Windsor Park, where Northern Ireland play their home games, has too small a capacity to be considered as a host venue. It is less than a mile and a half from Andersonstown but philosophically the distance is much greater. Many Catholics and Nationalists are uncomfortable visiting that stadium. Protestants and Loyalists – who comprise the majority of Northern Ireland’s supporters – may struggle to convince themselves to travel to Casement Park.
Estimates for the rebuilding of the stadium are in the region of £110 million to £140 million. Experience suggests that cost will over-run, even at the higher evaluation. Andersonstown is an area crying out for investment but, in a political landscape defined by sectarianism, there are other considerations. The Democratic Unionist Party – which has boycotted Stormont for 20 months leading to a gridlocked government – are against giving a “blank cheque” to the GAA.

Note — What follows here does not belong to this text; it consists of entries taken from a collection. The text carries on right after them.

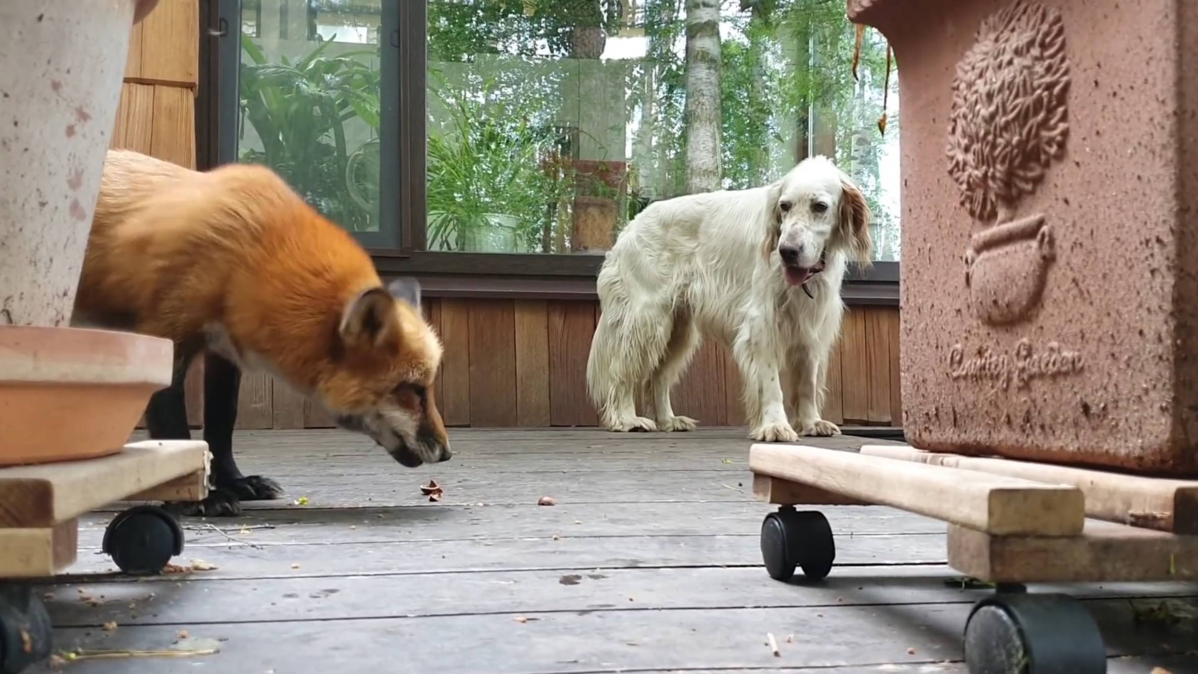 Лиса-Алиса. Собаки наблюдают за лисой, которая ест орехи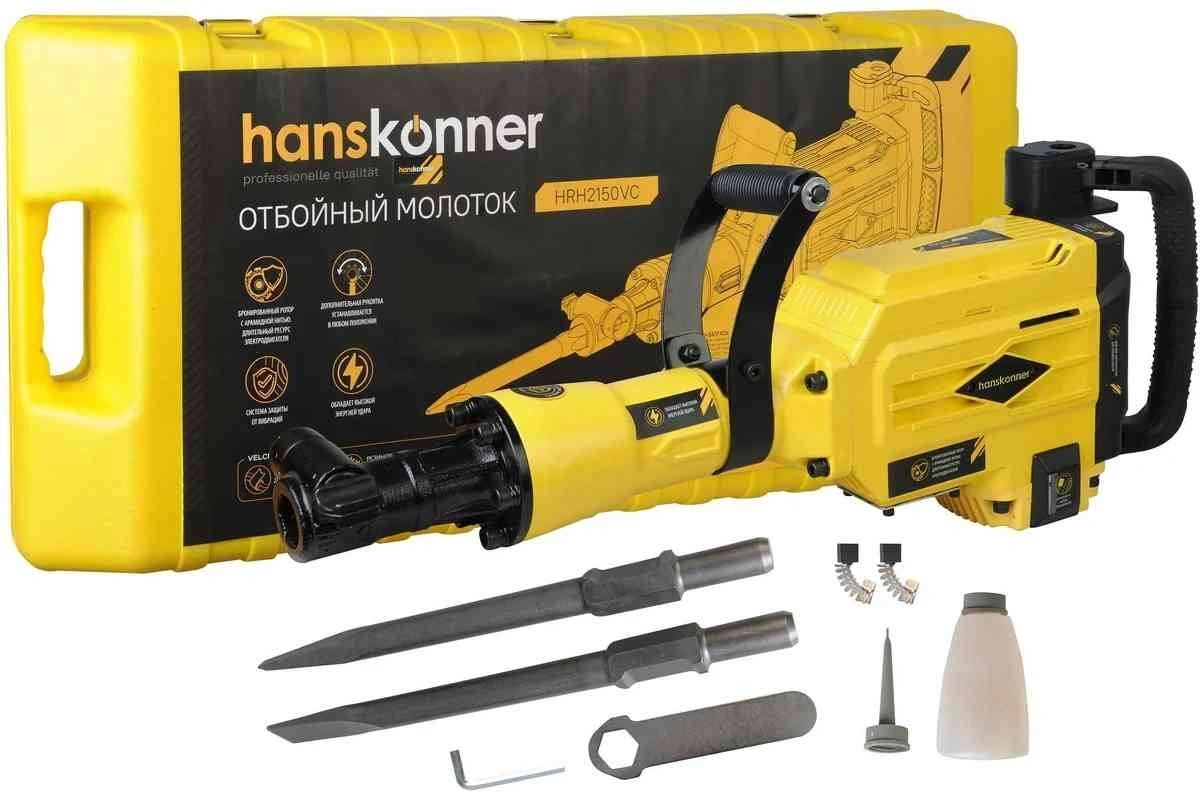 Отбойный молоток, пика, долото, масленка с крышкой, гаечный ключ, шестигранный ключ, запасные щётки,инструкция по эксплуатации, кейс.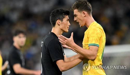 epa10198895 Elijah Just of New Zealand (L) reacts to Ajdin Hrustic of Australia during the International Men's Friendly match between the Australian Socceroos and the New Zealand All Whites at Suncorp Stadium in Brisbane, Australia, 22 September 2022. EPA/DAVE HUNT EDITORIAL USE ONLY AUSTRALIA AND NEW ZEALAND OUT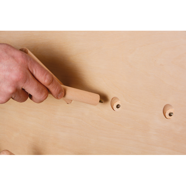 Material: lackiertes Sperrholz, Vollholz-Stäbe, Metall, Kunststoff-Rollen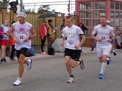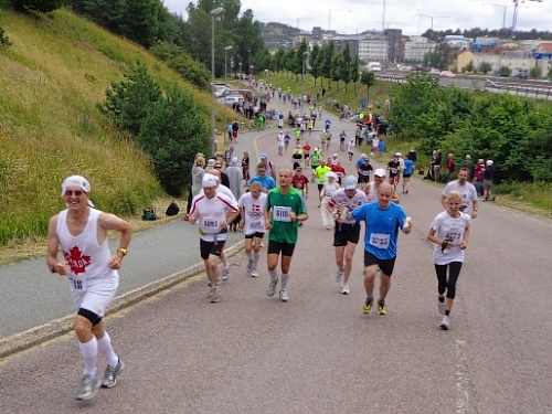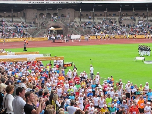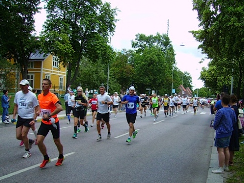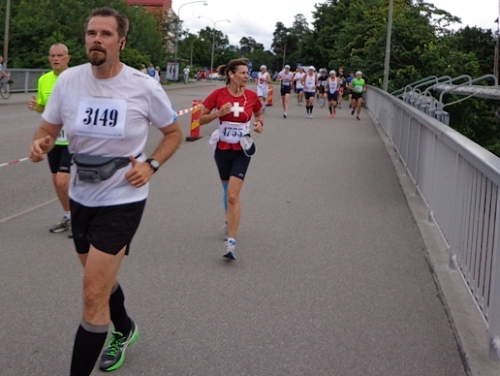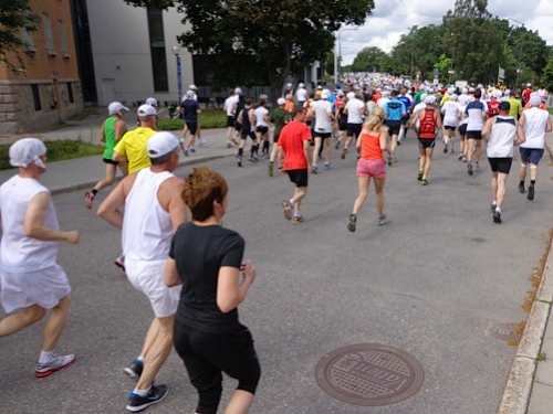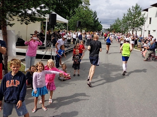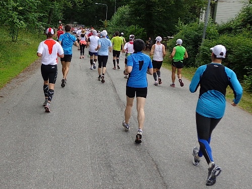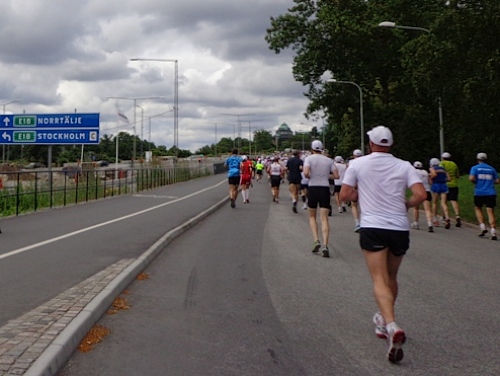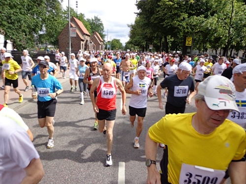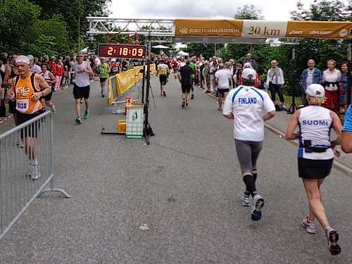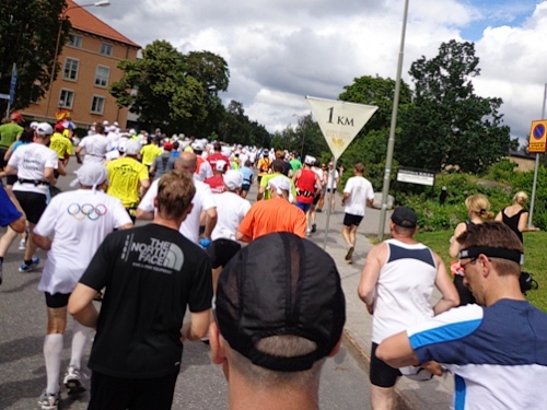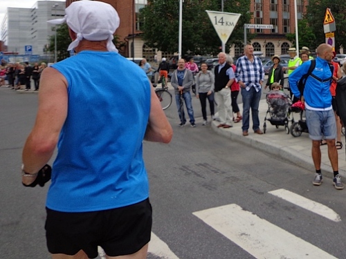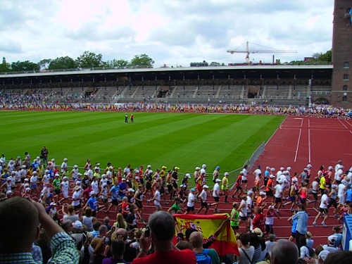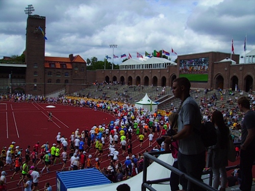 13h58 Eine Gewehrsalve schickt uns auf den Kurs. 3min später bin auch ich unterwegs. Eine dreiviertel Runde im Stadion und raus auf die Straße, den Valhallavägen. Klasse Stimmung, viele Zuschauer, ein tolles Erlebnis. Bin ich froh!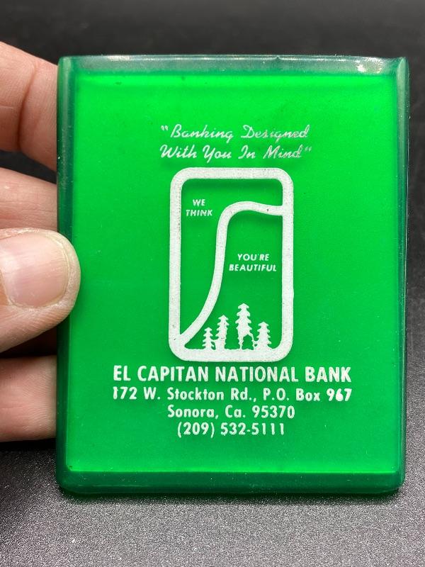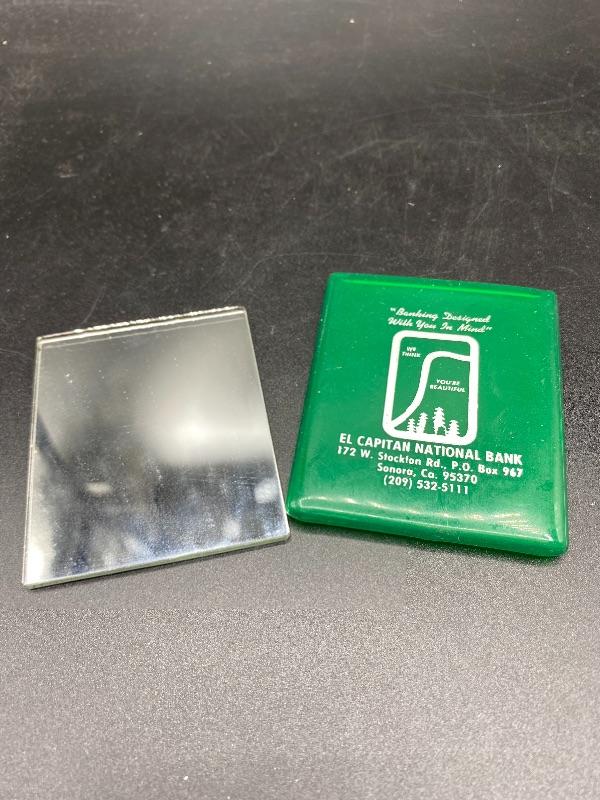 Advertisement pocket mirror in rubber sleeve. Given out by El Capitan National Bank. In good condition.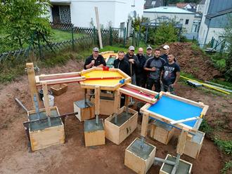 Am Kindergarten in Bann lässt sich eine neue Matschanlage bewundern. Der Förderverein des Kindergartens Bann hat die Aktion ins Leben gerufen und die Anlage finanziert. Tatkräftige Unterstützung leistete der Traditionsverein „Die Bännjer“. Dessen Mitglieder haben die Anlage abgeholt und anschließend in Eigenarbeit aufgebaut sowie die erforderlichen Betonfundamente eingeschalt und ausgerichtet. Die Baggerarbeiten wurden von Jonas Lutz aus Queidersbach durchgeführt. Die Bännjer wünschen allen Kindern viel Spaß mit ihrer neuen Matschanlage!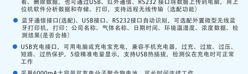 可檢測(cè)任意6種氣體濃度和溫濕度,最多可擴(kuò)展到8種氣體,視傳感器和現(xiàn)場(chǎng)環(huán)境而定 |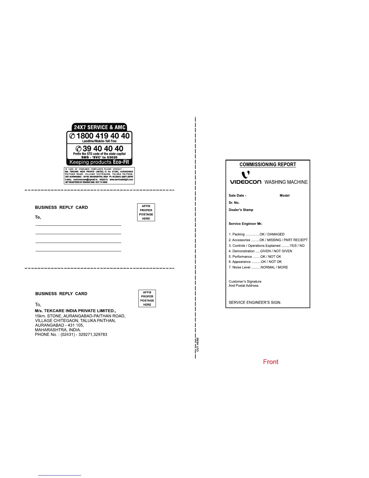 Videocon VT55A11 - Commissioning Report Details; Service Engineer Checklist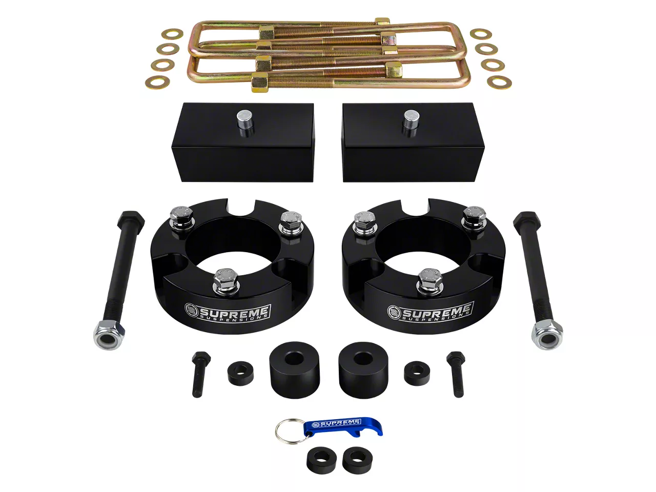 Precision-Crafted Spacers & Blocks. The Supreme Suspensions 3-Inch Front & 1-Inch Rear Pro Billet Lift Kit provides its lift via spacers CNC-machined from solid billets of 6061-T6 aircraft aluminum. This construction method produces lift spacers and blocks that are extremely strong, lightweight, and free of any welded seams that may potentially become failure points in the future. Additionally, the front lift spacers and rear lift blocks are then hard anodized in black, for a finish that’s way tougher than powder coating.

Loyalism has many challenges. Working class Unionists feel left behind by “garden-centre Prods,” the semi-mythical, middle-class Protestants who live very different lives to those in the poorer enclaves. Traditionally, working-class Loyalists could rely on leaving school at the first opportunity to enter jobs in the shipyards, docks and manufacturing industries. That conveyor belt stopped more than two generations ago but the mindset it created continues to dog the less affluent Protestant areas.
By contrast, with this sort of employment denied to them, Catholics committed to education. The church and the GAA also helped retain cohesiveness in the Nationalist communities. Gaelic sports are anathema to many Loyalists. Casement Park has many challenges to overcome if it is to unify the different factions.
Euro 2028 will bring in thousands of tourists. They will enjoy Belfast and marvel at the Peace Walls which criss-cross the city. They will walk up Northumberland Street between the Falls and the Shankill Roads and shake their heads at the transition – in a matter of yards around the interface gate that is locked at night – from tricolours and Palestinian flag murals to Union Jacks and Israeli stars. In the evening they will return to the city centre, a vibrant and modern district with stylish bars and coffee shops.
Before the foreign supporters arrive, there are plenty of challenges. Brexit has destabilised the peace process. The spectre of a border poll – a vote to unify Ireland – haunts Loyalists. The demographics are trending towards Nationalist aspirations with every year.
On that trip to Belfast four years ago, I had a conversation on the Upper Shankill with someone connected with the Progressive Unionist Party, the political face of the Ulster Volunteer Force. We talked about a border poll and this individual said that everyone was committed to peace but could not countenance a united Ireland. What if a referendum was conducted and people voted for unification by 52 to 48 per cent, I asked, using the Brexit vote as an example. “War,” he said, starkly.
But what if 75 per cent wanted to leave the United Kingdom? “Twenty-three per cent more war,” he said.
That was probably in my mind when I walked straight past the Royal. Let’s hope Northern Ireland’s Protestants don’t give the bastion of Republicanism a similar swerve in five years’ time and Casement Park can bring people together. I wouldn’t hold your breath, though.